I'm sorry to interrupt you, but how should I treat this bug report I issued? Should I submit a bug fix patch for the latest source code (=v9.1)? I wish the fix will be back-patched in 8.3, too.

If yes, I would like to get a concensus on the solution. As I mentioned, I think that it is enough to just remove the two write_eventlog(EVENTLOG_INFORMATION_TYPE) calls. Although this may not be complete, it will be practical. The users feel it annoying that PostgreSQL always outputs informational (and perhaps useless) event log records at startup. As for errors, we can say "pg_ctl emits event logs when it encounters errors. This is a specification for troubleshooting. Currently, we cannot suppress error event logs emitted by pg_ctl according to your log_destination setting."

If the solution is okay, should I really submit a patch for just removing two lines?

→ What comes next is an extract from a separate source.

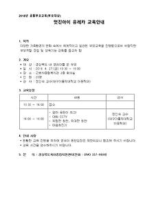 분류 전체보기994 주제별 부모교육 1차 「행복한 조부모 되기」 5월 24일(목) 경산시립농촌보육정보센터에서 10시부터 12시까지 주제별 부모교육 1차 「행복한 조부모 되기」교육을 실시하였습니다. 2018. 5. 30. 2018년 표준보육과정 교육(영아반-3차) 안녕하십니까? 2018. 5. 19.(토) 10:00~13:00 안동 가톨릭상지대학교 소피아관 대강당에서 영아반 보육교사를 대상으로 [2018년도 표준보육과정 교육(영아반–3차)]가 진행되었습니다. 2018. 5. 28. 2018년 3~5세 연령별 누리과정 담당교사 5월 집합연수 안녕하십니까? 2018. 5. 12.(토) 09:00~18:00 대구가톨릭대학교 중앙도서관 지하영상세미나실에서 3~5세 연령별 누리과정 담당교사 대상으로 [2018년 3~5세 연령별 누리과정 담당교사 집합연수]가 진행되었습니다. 총론 및 5개영역과 누리과정에 기초한 어린이집 프로그램 및 혼합반 프로그램에 대.. 2018. 5. 28. 2018년 SMART교사 전문과정(2기 유아전문과정) 기본교육 5월 19일(토) 경상북도교통문화연수원에서 10시부터 5시까지 "2018년 SMART교사 전문과정 (2기 유아전문과정)" 기본교육을 실시하였습니다. 2018. 5. 25. 2018년 5월 대체교사 신규입사교육 안녕하십니까? 2018년 5월 2일(수) 09:00~18:00 경북육아종합지원센터 3층 세미나실에서 5월 대체교사 신규입사자를 대상으로 2018년 5월 대체교사 신규입사자교육이 진행되었습니다. 2018. 5. 18. 4월 공통부모교육(부모대상) 교육안내 2018. 5. 15. 육아종합지원센터에서 만나는 공통부모교육 2018. 5. 15. 2018년 SMART교사 전문과정 모집합니다! 아래 모집 안내문을 클릭하면 경북육아종합지원센터 홈페에지 " SMART교사 전문과정(3기 영아전문과정)" 공지사항 화면으로 이동합니다. 2018. 5. 15. 2018년 SMART교사 전문과정(1기 영아전문과정) 기본교육 및 심화 워크숍 2018년 SMART교사 전문과정 (1기 영아전문과정) 모집이 완료되어 기본교육 및 심화 워크숍을 아래와 같이 실시하였습니다. ** 기본교육 * 대상 : 1기 영아전문과정 선정 어린이집 원장(또는 중간관리자) 및 영아반 담임교사 * 일시 : 2018. 4. 7(토) 10시~17시 * 장소 : 경상북도교통문화연수원 2층 .. 2018. 5. 15. 2018년 인성교육 강사 일반강의 모니터링(5월) 2018. 5. 14. 2018년 SMART 교사 전문과정 컨설턴트 세미나 및 위촉식 안녕하십니까? 2018. 4. 30.(월) 10:30~15:00 2018년도 SMART교사 전문과정 컨설턴트 세미나 및 위촉식이 영아전문 컨설턴트를 대상으로 진행되었습니다. 2018. 4. 30. 2018년 표준보육과정 교육(영아반-2차) 안녕하십니까? 2018. 4. 28.(토) 10:00~13:00 경산 대구가톨릭대학교 중강당에서 영아반 보육교사를 대상으로 [2018년도 표준보육과정 교육(영아반–2차)]가 진행되었습니다. 2018. 4. 30. 이전 1 ··· 74 75 76 77 78 79 80 ··· 83 다음
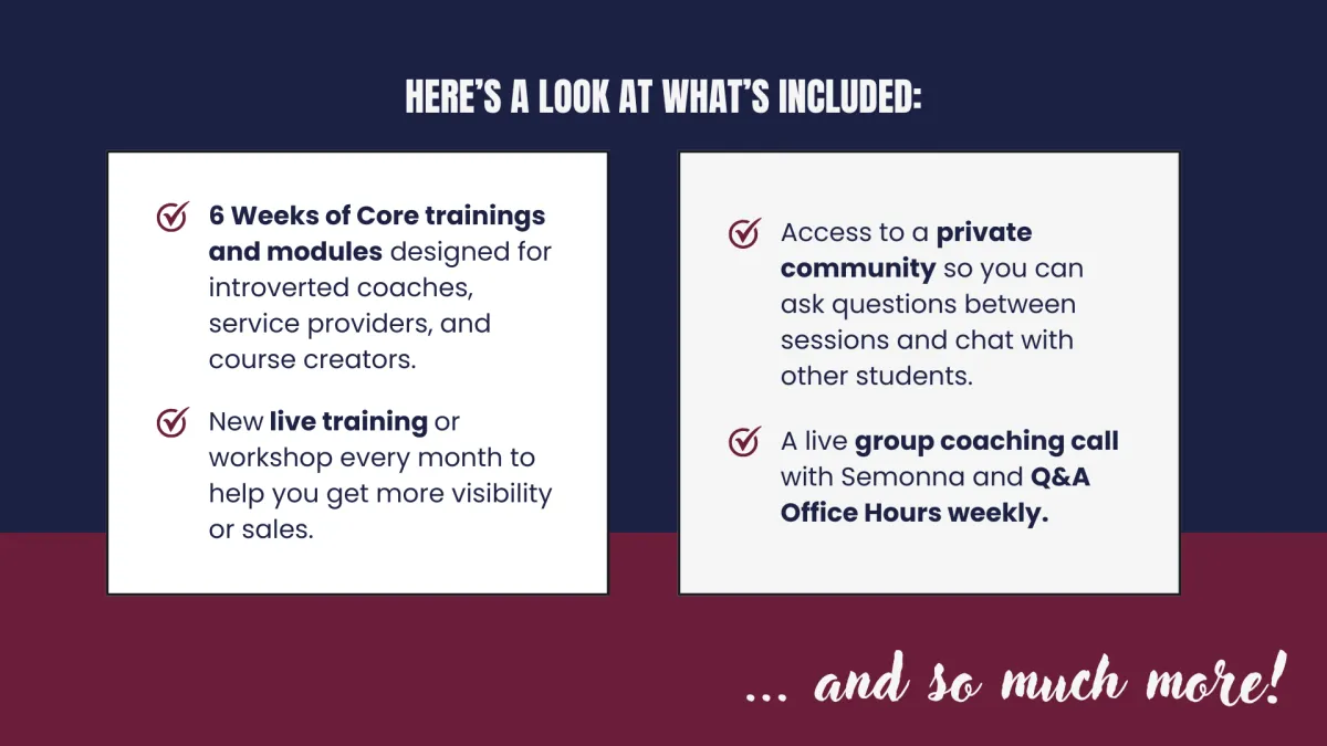 Yes. If fear, your beliefs or lack of systems is standing in the way of you asking for the sale, sharing your offers or starting the business. If you want to grow your audience or clients, I recommend joining me in Sought After instead.

Or, can I expect that some committer will modify and commit the change directly?

Regards,
MauMau

From: ""MauMau"" <maumau...@gmail.com>
Sent: Saturday, May 07, 2011 9:35 AM
Subject: Re: [BUGS] BUG #6011: Some extra messages are output in the event log at PostgreSQL startup
Magnus Hagander <mag...@hagander.net> writes:
Any events that happen before we have opened the regular logfile will
be written to the eventlog if the server is running as a Windows
service. There is no way to turn that off (other than removing the
code and recompiling, of course). If we didn't send those to the
eventlog, they would be completely lost since there is no stderr
available to a windows service.


From: "Tom Lane" <t...@sss.pgh.pa.us>
These particular messages appear to be coming from pg_ctl, not from the
server at all, so the server logging configuration is irrelevant anyway.

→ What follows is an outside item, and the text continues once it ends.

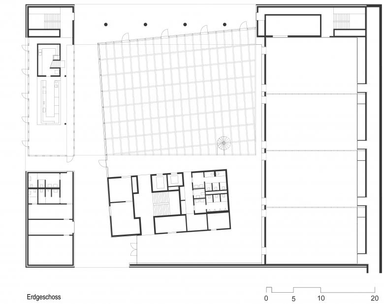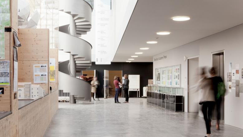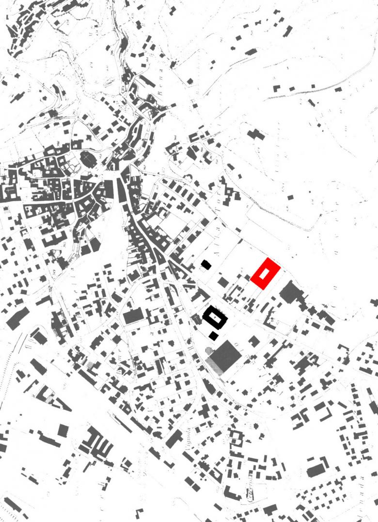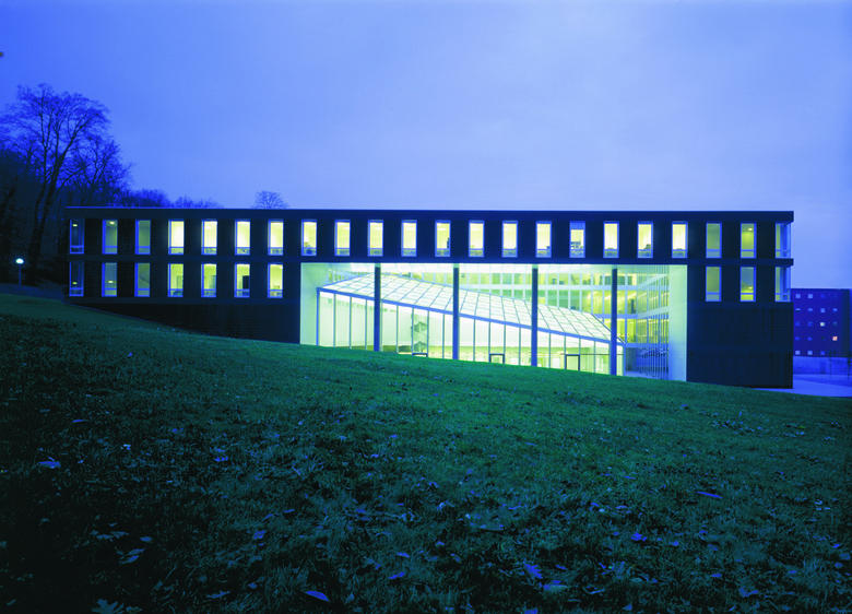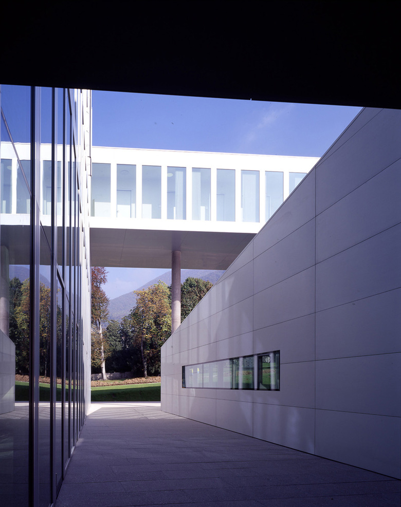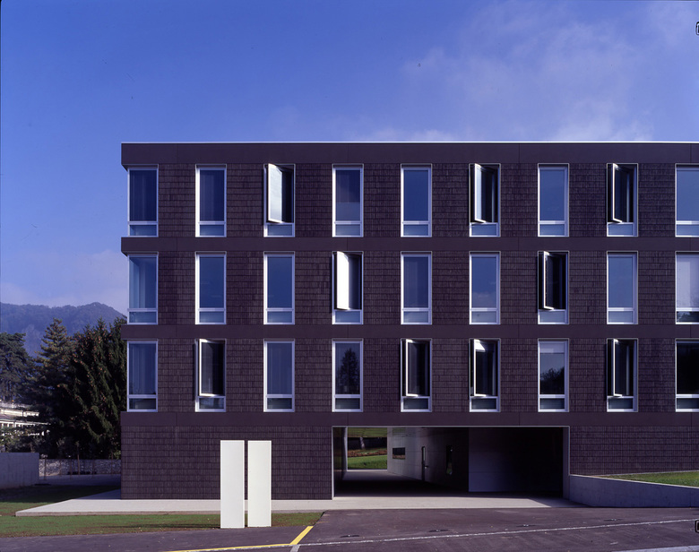 New construction of a study building for the architecture department of the Università della Svizzera italiana. The building has an atrium hall, lecture halls, studio space, offices, a model workshop and a cafeteria. The project resulted from a national competition in 1998.
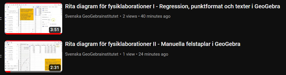 Den tredje och fjärde filmen handlar om hur du skapar snygga diagram till din fysiklabbrapport. Film tre tar upp inställningar för axlar, rutnät och punkter medan film fyra tar upp hur du skapar manuella felstaplar. En något äldre film om att skapa diagram finns också, som även tar upp beräkningar.

What I think *is* relevant is pg_ctl's -s (--silent) switch, which is
defined as "only print errors, no informational messages".  I would
expect that to silence "waiting for ..." messages, and indeed it appears
to do so in all the cases on the Unix side of the fence.  However,
someone chose to code these Windows-specific messages as direct
write_eventlog calls instead of going through print_msg, which means
that -s doesn't silence them.  So possibly the OP is right that this is
a bug and not just an unimplemented feature.

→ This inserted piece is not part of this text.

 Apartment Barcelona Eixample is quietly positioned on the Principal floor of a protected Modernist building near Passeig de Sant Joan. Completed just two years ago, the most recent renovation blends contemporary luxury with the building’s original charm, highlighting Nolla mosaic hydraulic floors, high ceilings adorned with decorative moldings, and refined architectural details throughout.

I think that those two messages in question are not very helpful, so I hope those are omitted by default (i.e. even without pg_ctl's -s). If they are useful and should be logged in the event log, why aren't they logged in syslog on UNIX/Linux?

So, I wish that the direct calls to write_eventlog will be eliminated. If those messages are useful for some reason, it may be okay that pg_ctl's -s hides them at worst. However, it's better to remove the write_eventlog calls in question, because those software dependent on PostgreSQL have to be modified to add -s.

Can I expect this will be treated as a bug and fixed in 8.3.x too? BTW, how can I check the bug treatment? I saw somewhere that you don't like issue trackers such as JIRA or Bugzilla.